BMAL1, a key regulator of circadian rhythms, plays a multifaceted role in brain function. However, the complex interplay between BMAL1, memory, neuroinflammation, and neurotransmitter regulation remains poorly understood. To investigate these interactions, we conducted a study using BMAL1-haplodeficient mice (BMAL1+/−).
We exposed BMAL1+/− mice to behavioral assessments including cued fear conditioning, new objection recognition (NOR) test, and Y-maze test to evaluate BMAL1+/− haplodeficiency impact on memory. Furthermore, biochemical changes were analyzed through western blotting, and ELISA to explore further the mechanism of BMAL1+/− in memory, and neuroinflammation.
We found that BMAL1 haploinsufficiency led to deficits in cued fear learning and memory, while spatial memory and object recognition remained intact. Further analysis revealed dysregulated neurotransmitter levels and alterations in neurotransmitter-related proteins in the prefrontal cortex of BMAL1+/− mice. Pharmacological interventions targeting dopamine uptake or the 5-HT2C receptor demonstrated that inhibiting the 5-HT2C receptor could rescue fear learning and memory impairments in BMAL1+/− mice. Additionally, we observed downregulation of the inflammasome and neuroinflammation pathways in BMAL1+/− mice, which is validated by inflammation mediator lipopolysaccharide (LPS) administration.

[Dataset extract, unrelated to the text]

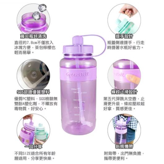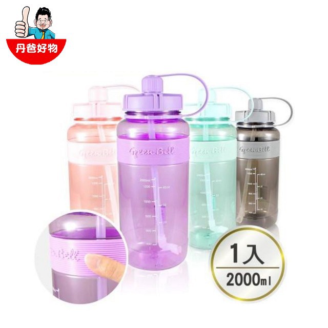 【綠貝】GREEN BELL 超止滑彈跳吸管太空水壺V(附背帶) 2000ml

These findings highlight that BMAL1 haploinsufficiency leads to deficits in fear learning and memory, which are linked to alterations in neurotransmitters and receptors, particularly the 5-HT2C receptor. Targeting the 5-HT2C receptor may offer a potential therapeutic strategy for mitigating cognitive impairments associated with BMAL1 dysfunction.